For that, we need to read RGB images, convert them to 16 colors, apply dithering, and store a TGA image file.
ESP32-EGA16-TGA source code on GitHub.
Introduction
This year's Shitty Camera Challenge has some space for digital cameras, and so the author experimented with different devices. The last one, the ESP32-CAM, was obtained after the HomeAssistant setup wizard promised an easy way to monitor analog utility meters with camera and AI, and what could be shittier than a 4$ camera PCB?
ESP32-CAM
The ESP32-CAM turned out to be even shittier than anticipated. Of the four sensors ordered, three had visible defects. The image quality is green. The board pinout is ridiculous, with the LED flash wired to the SD data line, the PCB LED blocking WiFi, and no fully usable GPIOs.
Still, the ESP32 is quite a beefy beast for an embedded SoC, with a 240MHz 32-bit core and ~500KB of SRAM on die, plus some 4MB of PSRAM on the board to store camera pictures. The pictures can be streamed over WiFi or stored to a µSD card, giving us some flexibility.
The CPU and memory specs are far beyond 1980s desktop computers, so we are not limited in the choice of algorithms to perform our task, and we can easily cheat where needed.
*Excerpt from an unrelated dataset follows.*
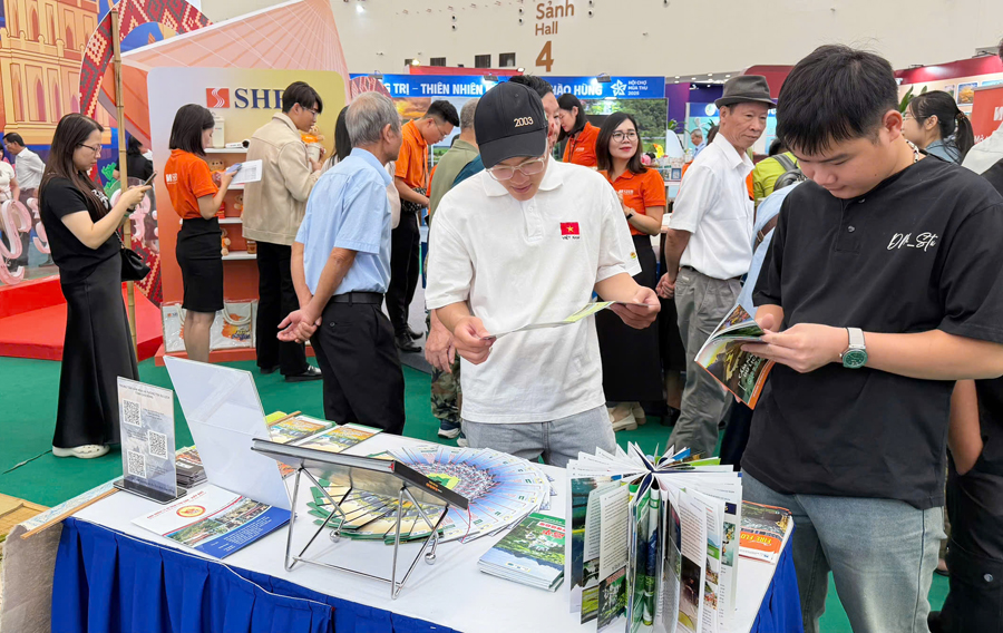 Đông đảo khách tham quan hào hứng "check-in" tại không gian du lịch do Cục Du lịch Quốc gia Việt Nam tổ chức (Ảnh: TITC)

The platform is supported by Arduino IDE and by PlatformIO, typically programmed in C/C++, and there are example projects to implement a webcam or to take pictures to µSD.
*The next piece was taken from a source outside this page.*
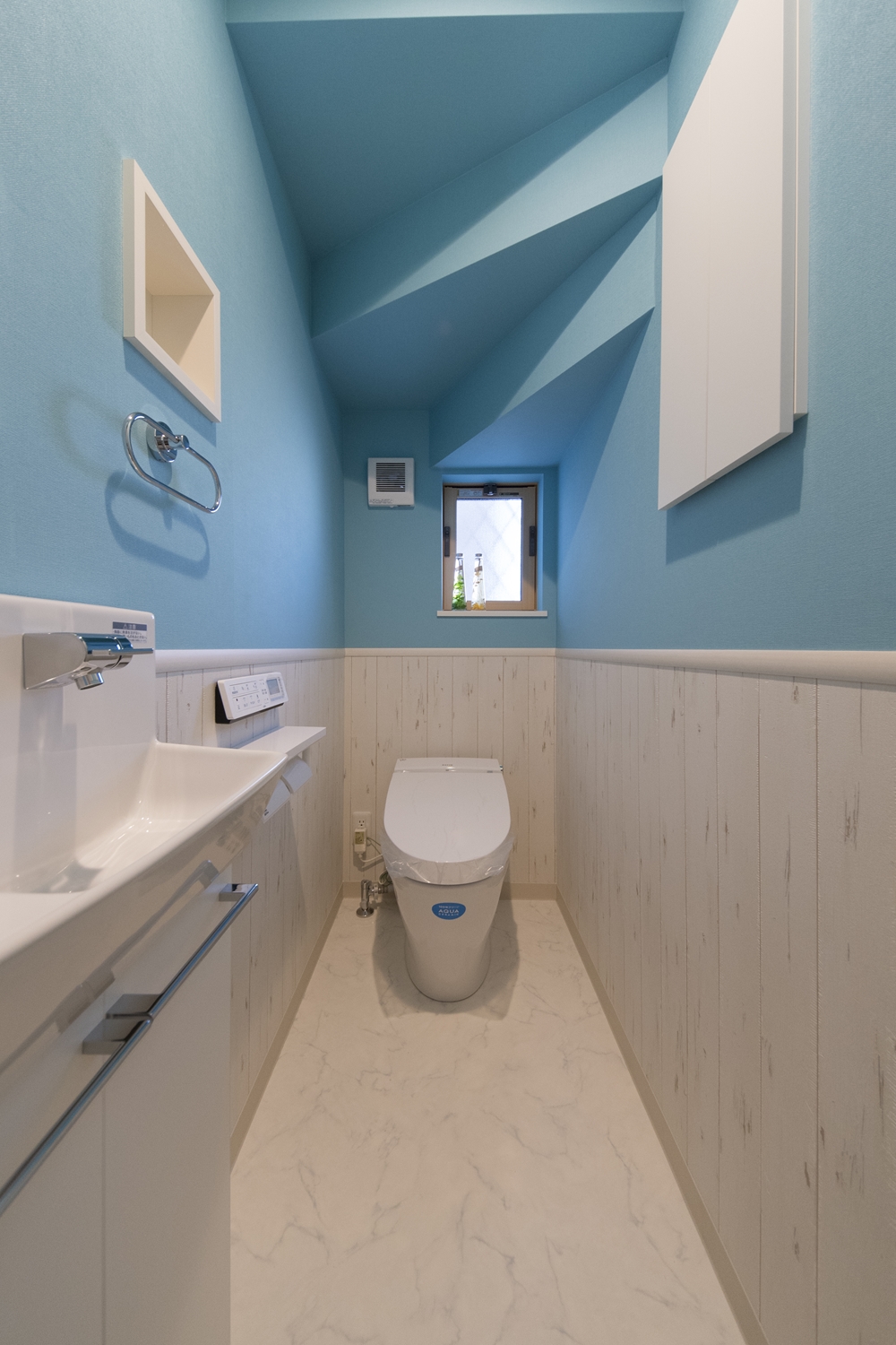 鮮やかな水色と白木調のクロスを上下に張り分けたスタイリッシュな1階トイレ。

Reading RGB data from the sensor into memory
The camera API supports various streaming formats, from pre-compressed JPEG to RAW:
typedef enum {
PIXFORMAT_RGB565, // 2BPP/RGB565
PIXFORMAT_YUV422, // 2BPP/YUV422
PIXFORMAT_YUV420, // 1.5BPP/YUV420
PIXFORMAT_GRAYSCALE, // 1BPP/GRAYSCALE
PIXFORMAT_JPEG, // JPEG/COMPRESSED
PIXFORMAT_RGB888, // 3BPP/RGB888
PIXFORMAT_RAW, // RAW
PIXFORMAT_RGB444, // 3BP2P/RGB444
PIXFORMAT_RGB555, // 3BP2P/RGB555
} pixformat_t;
The easiest format for us to process is RGB888, with one byte for each of the three colors, stored in a two-dimensional pixel array. Except when the API is a lie:
E (1195) esp32 ll_cam: Requested format is not supported
Luckily, the github-actions bot closed the issue as completed, so it's
solved, right? RIGHT??? The error message comes from
ll_cam_set_sample_mode()
and its source code reveals that the actually implemented options are:
PIXFORMAT_GRAYSCALE
PIXFORMAT_YUV422
PIXFORMAT_JPEG
PIXFORMAT_RGB565
Greyscale gives us one brightness byte per pixel, but we want to have colors. YUV422 stores two pixels in four bytes and requires a color space conversion. JPEG requires that as well, but only after parsing and uncompressing the JPEG file. RGB565 stores one pixel in two bytes, with five bits for red and blue, respectively, and six bits for green. That gives us enough headroom to do some dithering for a 16-color palette and spares us from non-linear luminance and chrominance formulas.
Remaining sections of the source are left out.